Le débat sur la nature risquée ou non du Bitcoin s’appuie désormais sur de nouvelles données. Les analystes de JPMorgan relèvent que la corrélation du Bitcoin avec les actions s’est renforcée ces derniers mois, tandis que celle de l’or avec le S&P 500 « se rapproche de la corrélation positive du Bitcoin avec les actions », ce qui indique que les deux se comportent davantage comme des actifs risqués. Cela suggère que, dans un contexte macroéconomique de resserrement monétaire mondial, les actifs crypto sont plus susceptibles d’être sous pression en même temps que les actions américaines, plutôt que de s’affirmer indépendamment comme « valeurs refuges contre l’inflation ».

Au 12 juin, la capitalisation totale du marché des cryptomonnaies s’élevait à environ 2 170 milliards de dollars. Le BTC a rebondi dans la fourchette des 63 300–63 700 dollars ce jour-là, et l’Ethereum est remonté autour de 1 673 dollars. Toutefois, le sentiment de marché demeure en zone de « peur extrême » : l’indice Fear & Greed reste proche de 12 depuis plusieurs jours, ce qui montre que la confiance dans les perspectives du marché est loin d’être revenue. Le rebond du BTC s’explique principalement par des facteurs géopolitiques de court terme (suspension par Trump d’une action militaire contre l’Iran), plutôt que par une amélioration de la tendance macroéconomique globale.
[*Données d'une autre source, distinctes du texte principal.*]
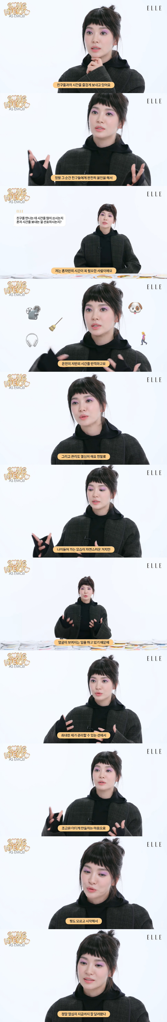 송혜교는 '데뷔 초 나에게 하고 싶은 말'에 대해 "뭣도 모르고 시작해서 정말 열심히 지금까지 잘 달려왔다. 수고했다"고 했다. 그러면서 '20년 뒤 나에게 하고 싶은 말'이라는 질문에는 "일을 계속 하고 있다고 생각했을 때 '아직까지 일하고 있다고? 너 정말 수고 많았다. 이제 좀 쉬렴'이라고 하고 싶다"며 "열심히 하고 싶은데 또 어떤 상황이 올지 모르니까"라고 했다.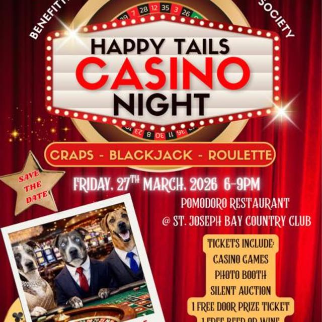 Roll the dice for a great cause at Happy Tails Casino Night, benefitting the St. Joseph Bay Humane Society! Enjoy a glamorous evening of fun and fundraising with exciting games, delicious bites, and plenty of chances to win.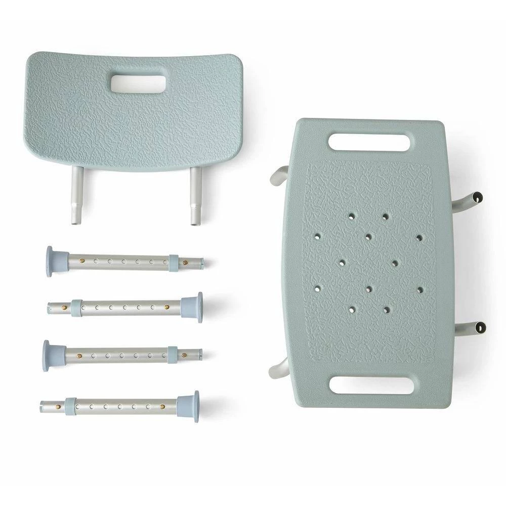 This Medline exclusive product comes with Microban technology that virtually eliminates and fights the growth of microbes that can cause stains and odors on your bath safety products. The increased patient comfort of this bath chair comes from the generous, high-density polyethylene seat and back and angled legs that distribute weight over a larger area. Suction-cup tips on all four legs provide even more stability and safety. The Durable anodized aluminum frame is rust resistant and the handles come with grips to reduce slippage. High density polyethylene seat and back with built in hand grips. Angled legs distribute weight over a large area to increase security. Durable anodized aluminum frame is rust resistant.

La capacité de ce rebond à se maintenir dans un contexte d’anticipations de hausse de taux reste donc très incertaine.

Scénarios prospectifs : trajectoires des actifs crypto selon deux cas de base

Le premier scénario est celui de la poursuite d’un « resserrement synchronisé mondial ». La BCE relève à nouveau ses taux avant septembre, la Fed maintient ses taux tout en restant fauconne, et la Banque du Japon poursuit sa normalisation. Dans ce cas, le dollar reste fort, le rendement du Treasury à 10 ans pourrait atteindre 4,6 %–4,7 %, et la forte corrélation positive entre Bitcoin et actions entraînera une contraction continue de l’appétit pour le risque, exerçant une pression baissière sur les valorisations crypto.

Le second scénario est celui où la « divergence des politiques » devient la norme. La BCE interrompt ses hausses de taux en raison de la faiblesse de la croissance, la Fed s’abstient de baisser ses taux mais le président Walsh réduit la forward guidance, ce qui brouille les anticipations de marché. Dans ce cas, la principale incertitude pour le marché crypto ne réside plus dans le niveau absolu des taux, mais dans l’incertitude des anticipations. L’augmentation de la volatilité des anticipations pèsera structurellement sur la volonté de conserver des positions.

Conclusion

Le 11 juin 2026, le moment où la BCE a enclenché la hausse des taux a marqué non seulement un tournant dans la politique monétaire de la zone euro, mais aussi un signal clair envoyé aux marchés mondiaux : le cycle de baisse des taux entamé il y a près de deux ans est terminé. Avec la Fed refusant d’abaisser ses taux et les banques centrales resserrant leur politique à l’unisson, le marché crypto fait face non seulement à une contraction de la liquidité, mais à une triple résonance : hausse des taux, renforcement du dollar et recomposition des anticipations. Pour les acteurs du marché crypto, comprendre la logique de transmission des taux, surveiller les évolutions marginales du dollar et des rendements du Treasury américain, et évaluer avec prudence leur exposition au risque pourraient devenir les compétences de survie les plus cruciales pour le second semestre 2026.